DOR: considerar aspectos biopsicossociais no manejo da dor crônica.

  • Boa relação médico-paciente;
  • Educação em saúde quanto ao abuso de opioides: Riscos de tolerância, dependência, síndrome do intestino narcótico e hiperalgesia paradoxal induzida por opioides;
  • Importância dos neuromoduladores: pregabalina (único com ensaio clínico randomizado para pancreatite crônica), gabapentina, tricíclicos;
  • Enzimas pancreáticas apenas aliviam desconforto relacionado à dispepsia causada pela pancreatite, sem benefício na dor propriamente dita;
  • Terapia endoscópica:
    • Remoção de cálculos em ducto pancreático e/ou dilatação de estenoses;
    • Complicações da pancreatite crônica (pseudocistos e ascite pancreática);
  • Litotripsia extracorpórea: cálculos menores que 5 mm ou de forma adjuvante ao tratamento endoscópico;
  • Terapia cirúrgica:
    • Pancreatoduodenectomia; pancreatectomia distal, pancreatojejunostomia → casos graves/refratários;
  • Psicoterapia – em especial Terapia cognitivo comportamental;
  • Programas de reabilitação: abuso de substâncias (álcool, tabaco e/ou opioides).

Insuficiência pancreática exócrina

  • Reposição de enzimas pancreáticas — indicado se um ou mais dos seguintes:
    • Sintomas clássicos de esteatorreia;
    • Sintomas sugestivos de esteatorreia com elastase fecal < 50 microgramas/g e/ou deficiência de micronutrientes;
    • Gordura fecal de 15 g ou mais por dia;
  • No geral, com revestimento para retardar a degradação pelo ácido gástrico;
  • Reduz os sintomas e melhora deficiências nutricionais.;
  • Fatores que interferem na eficácia da reposição enzimática:
    • Teor calórico e de gordura da dieta;
    • Secreção ácida;
    • Alterações anatômicas;
    • Supercrescimento bacteriano de delgado (SIBO);
  • Fatores que melhoram o tratamento:
    • Tomada durante a refeição;
    • Distribuição calórica da dieta em 4 a 5 refeições por dia;
    • Uso de inibidores de bomba de próton;
    • Tratamento de SIBO, quando presente;
  • Importante: não restringir gordura da doença, pois aumenta risco de desnutrição e deficiência de vitaminas lipossolúveis.

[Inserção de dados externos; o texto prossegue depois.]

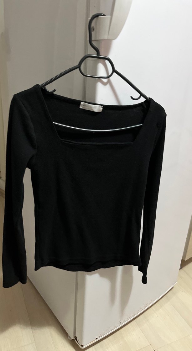 Uzun kollu, tekdüze siyah bluz, kayık yaka ve vücuda oturan kesime sahip. Pürüzsüz sentetik kumaştan, günlük kullanıma uygun goth tarzı.
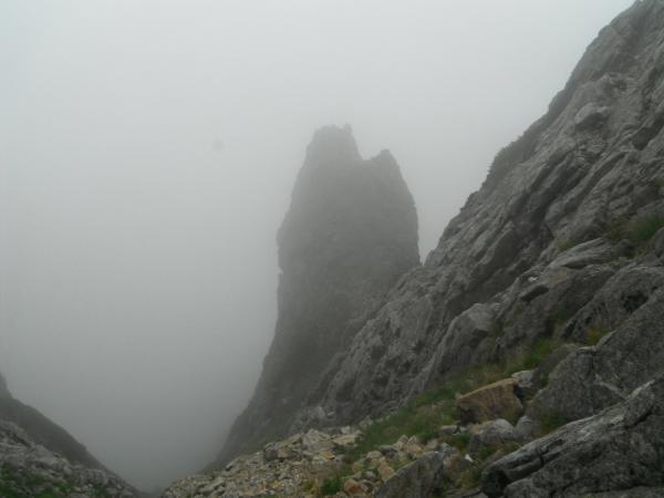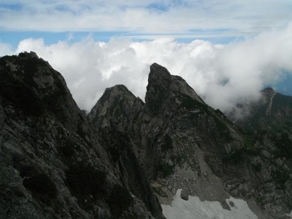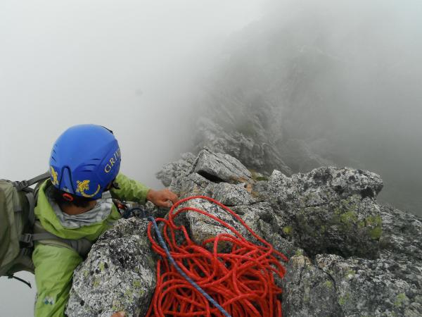 10日 テント場(40)池ノ谷乗越(60)三ノ窓(15)登攀(360)チンネの頭(120)テント場
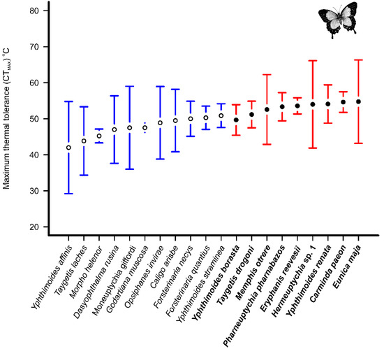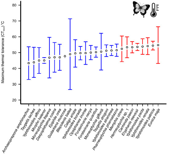 Mean of maximum critical temperature (CTmax) in °C per specimen of fruit-feeding butterflies sampled in the mountaintop environments. Species with higher thermal tolerances are shown in red. The bars represent 95% confidence interval.
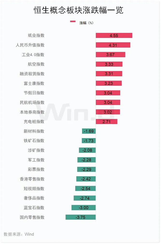 从盘面来看,Wind概念板块涨跌不一,纸业指数涨4.55%,人民币升值指数涨4.31%,工业4.0指数涨3.67%;国内零售指数跌3.75%,蓝宝石指数跌3%,奢侈品指数跌2.74%。
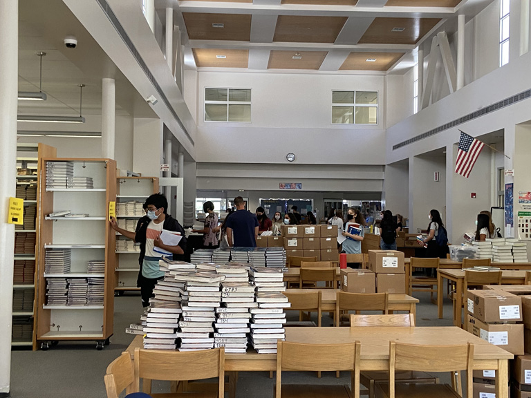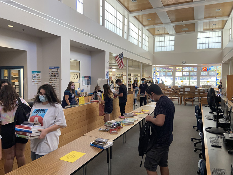 It was back-to-school book pickup this week for Crescenta Valley High School students who observed COVID-19 requirements of social distancing and the wearing of face coverings.

Rastreamento de câncer de pâncreas

  • Não existe indicação formal de rastreamento de câncer de pâncreas nesse grupo;
  • Ca-19.9 pode estar aumentado nesses pacientes.

Mensagens práticas

A pancreatite crônica é uma condição crônica e debilitante, na maioria das vezes relacionada a um transtorno de uso de substâncias.

Devemos pensar em pancreatite crônica não apenas nos casos clássicos, mas também suspeitar em pacientes com fatores de risco que se apresentem com desnutrição, esteatorreia, deficiência de vitaminas lipossolúveis, osteoporose e diabetes.

A tomografia de abdome é o exame de imagem mais disponível, com boa acurácia diagnóstica e deve ser solicitado em pacientes com suspeita do diagnóstico. Assim como a elastase fecal deve ser solicitada em pacientes com clínica que sugere insuficiência pancreática exócrina, a fim de realizar uma triagem dessa condição.

Na coleta da elastase, deve-se atentar para orientar evitar envio de fezes aquosas, pois pode levar a falso positivos.

A abordagem deve ser multidisciplinar, envolvendo gastroenterologistas, cirurgiões do aparelho digestivo, endoscopistas, radiologistas, endocrinologistas, nutricionistas, profissionais da saúde mental e serviço social.